- Born: Suzanne Hollis Sigler March 2, 1948 Gary, Indiana, U.S.
- Died: March 29, 2001 (aged 53) Prairie View, Illinois, U.S.
- Education: Moore College of Art and Design (BFA) School of the Art Institute of Chicago (MFA)

= Hollis Sigler =

American painter (1948–2001)

Hollis Sigler (March 2, 1948 – March 29, 2001) was an American artist. She received several Arts Lifetime Achievement awards as both an artist and an educator, including the Distinguished Artist Award for Lifetime Achievement from the College Art Association in 2001.

==Early life and education==
Sigler was born Suzanne Hollis Sigler in Gary, Indiana to Philip Sigler and Marilyn Ryan Sigler. Her family moved to Cranbury, New Jersey when she was eleven. She completed grade school and high school there, receiving her diploma from Hightstown High School in 1966.

Sigler was interested in art as a child and began painting in elementary school.
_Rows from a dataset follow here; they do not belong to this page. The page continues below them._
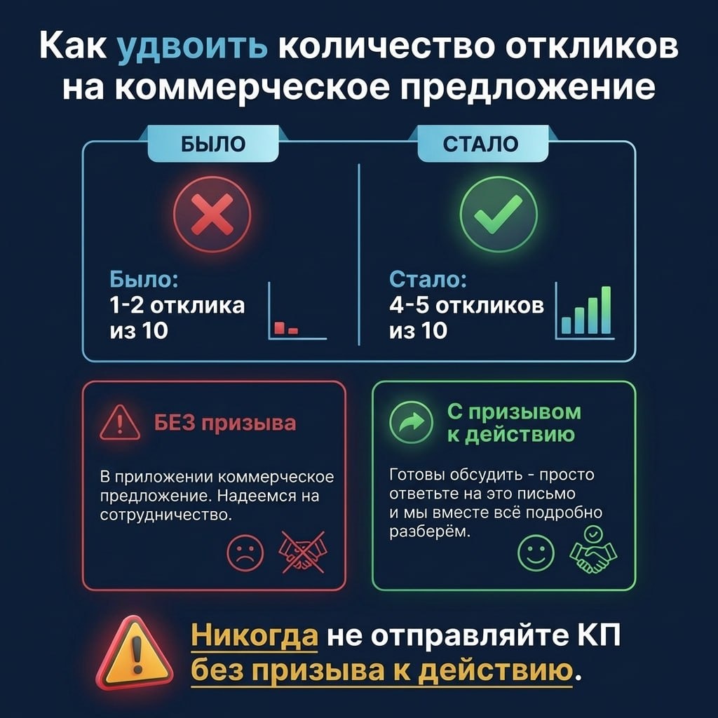 ΡΠΈΠΏΠΎΠ²ΠΎΠ΅ ΠΊΠΎΠΌΠΌΠ΅ΡΡΠ΅ΡΠΊΠΎΠ΅ ΠΏΡΠ΅Π΄Π»ΠΎΠΆΠ΅Π½ΠΈΠ΅ - Π° ΡΠ°ΠΌ Π½Π΅Ρ ΠΏΡΠΈΠ·ΡΠ²Π° ΠΊ Π΄Π΅ΠΉΡΡΠ²ΠΈΡ. β ΠΡΠΎΡΡΠΎ ΠΎΠΏΠΈΡΠ°Π½ΠΈΠ΅ ΠΈ ΡΠ΅Π½Π°. β© Π§ΡΠΎ Ρ ΡΠ΄Π΅Π»Π°Π» - Π΄ΠΎΠ±Π°Π²ΠΈΠ» Π² ΠΊΠΎΠ½ΡΠ΅ ΠΎΠ΄Π½Ρ ΡΡΡΠΎΡΠΊΡ: Β«ΠΡΠ»ΠΈ ΠΏΡΠ΅Π΄Π»ΠΎΠΆΠ΅Π½ΠΈΠ΅ Π²Π°Ρ Π·Π°ΠΈΠ½ΡΠ΅ΡΠ΅ΡΠΎΠ²Π°Π»ΠΎ, Π΄Π°Π²Π°ΠΉΡΠ΅ ΠΎΠ±ΡΡΠ΄ΠΈΠΌ Π΄Π΅ΡΠ°Π»ΠΈ - ΠΎΡΠ²Π΅ΡΡΡΠ΅ Π½Π° ΡΡΠΎ ΠΏΠΈΡΡΠΌΠΎ, ΠΈ Ρ ΡΡΠ°Π·Ρ Π²Π°ΠΌ ΠΏΠΎΠ·Π²ΠΎΠ½ΡΒ». Π Π΅Π·ΡΠ»ΡΡΠ°Ρ: β‘οΈΠΡΠ»ΠΎ: ΠΈΠ· 10 ΠΎΡΠΏΡΠ°Π²Π»Π΅Π½Π½ΡΡ
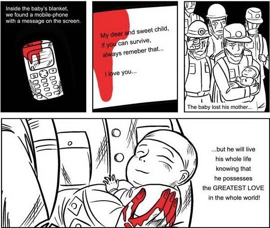 Aku terfikir sejenak, seorang ibu di China sanggup mengorbankan diri untuk melindungi bayi dari kandungannya sendiri untuk melihat bayi nya terus hidup. Tapi mengapa di negara kita, bayi dibunuh dan dibuang dengan tanpa rasa bersalah dan kasihan sedikitpun demi kepentingan diri sendiri. Pikirlah sejenak……
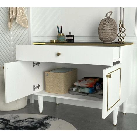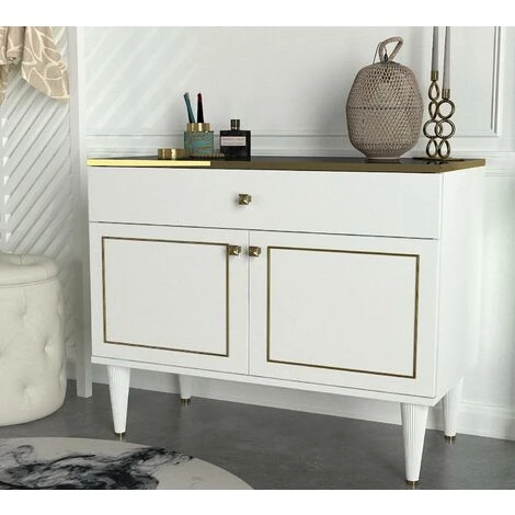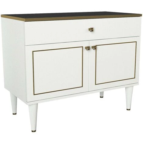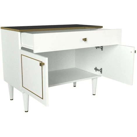 Vous imaginez un intérieur chic, rempli de meubles de style ? Si votre réponse est oui, ne manquez pas le buffet bas Ascendere ! Il présente des façades blanches et dorées brillantes et un élégant plateau effet marbre noir. Les petites poignées dorées soulignent l élégance du meuble. Ascendere se distingue par sa grande taille et son design unique; c est une solution de mobilier capable de créer un splendide point focal dans votre pièce et, grâce à son style classique et linéaire, Ascendere est capable de compléter parfaitement le décor de votre salon.
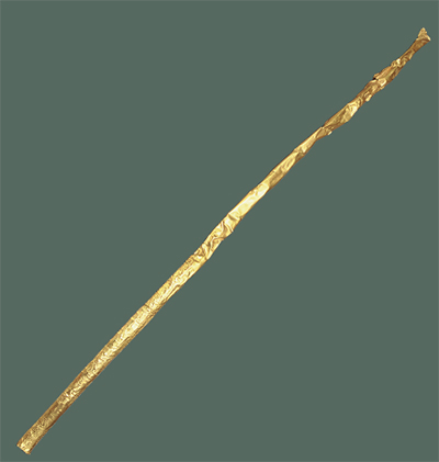 金杖根据长度和直径计算,它的金皮的展开面积为1026平方厘米。要知道,在几千年前,制作出这么大的金皮,锤制得如此平整,表面如此光滑,足以说明当时的人对黄金良好的延性和展性等物理性能已有了充分认识。
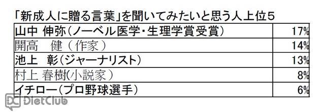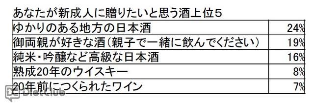 新成人に贈る言葉を聞いてみたい人では、ノーベル賞受賞者の山中伸弥氏、作家の開高健氏、ジャーナリストの池上彰氏、作家の村上春樹氏などが多くの支持を集めた。新成人に贈りたいお酒では、1位に「ゆかりのある地方の日本酒」、2位に「両親が好きなお酒」と続き、メッセージ性のあるお酒が好まれる傾向にある。また、20年熟成のウイスキー、20年前のビンテージのワインなど20年にこだわったお酒も上位にランクインした。
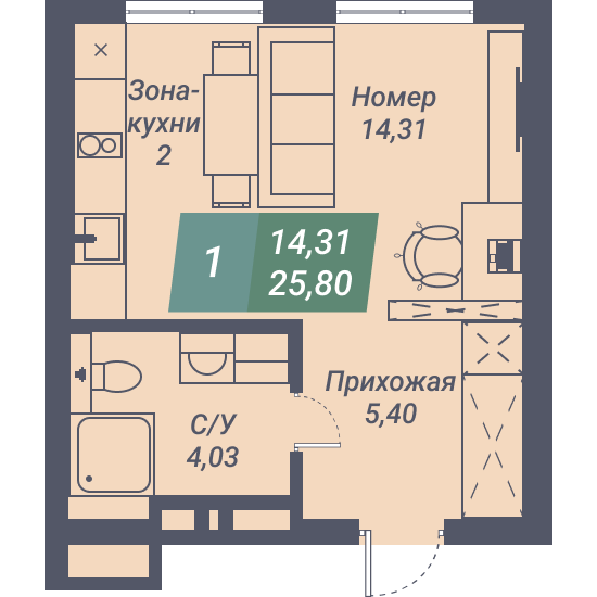 - 25.8 м2
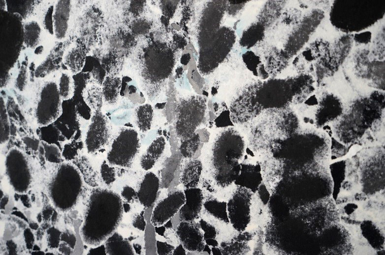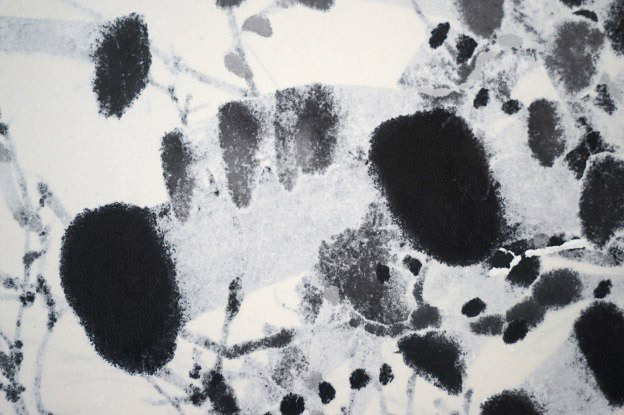 浅見さんの作品は、一見すると力強く即興的な絵に見られがちです。しかし実際には、主に和紙の裏から墨を置き、非常にゆっくりと筆を走らせます。その滲みが画面の表側から見えてくるところに特徴があります。作家は偶然みつけたというこの方法を何年間もかけて磨きあげ、描いているものと見えるはずのものの間に豊かな想像力を働かせながら多くのバリエーションを生み出してきました。

She went on to study art at Moore College of Art in Philadelphia, where she was awarded the Bachelor of Arts in 1970; she completed graduate studies at the School of the Art Institute of Chicago, where she received the Master of Fine Arts in 1973. She had early success with a series of photo realist paintings that depicted underwater swimmers but by 1976, in a gesture meant to repudiate what she considered a male-dominated style, she abandoned realism entirely in favor of a faux-naïve approach. Her subject matter, presented in a way that suggested the work of an untutored or naïve artist, focused on a woman's world-view. A tendency toward autobiographical content was evident even at the early stages of what would become her signature style.

== Artistic career ==
Sigler's mature artistic style was faux-naïve, featuring paintings whose subjects, furniture, and clothing set in doll-house type interiors and suburban landscapes were stand-ins for the implicitly female figure. You Can't Always Get What You Want (1978), in the collection of the Honolulu Museum of Art, is an example of the artist's doll-house interiors painted in a faux-naïve style. She always names her works with a weighty title, like She Always Thought She Was Wrong (1982) and Good Times Just Passing Through (1983).

=== Feminist Art ===
In the late 1970s to the early 80s, Sigler's early works were focused on the personal struggle of a woman, and works focused on her lesbian identity. Then in 1985, after Sigler was diagnosed with breast cancer, the subject matter began to change. She began to reflect on what was happening in her life by including quotations or phrases on the painting, showing her emotions and some facts about her disease. Her faux-naïve style remained the same; the bright-colored illustrations framed by her script seem to be pleasant, but looking up close to the paintings, there are houses ablaze, angels ascending to heaven, things that reflected her life experience living with cancer.

Sigler received several Arts Lifetime Achievement awards.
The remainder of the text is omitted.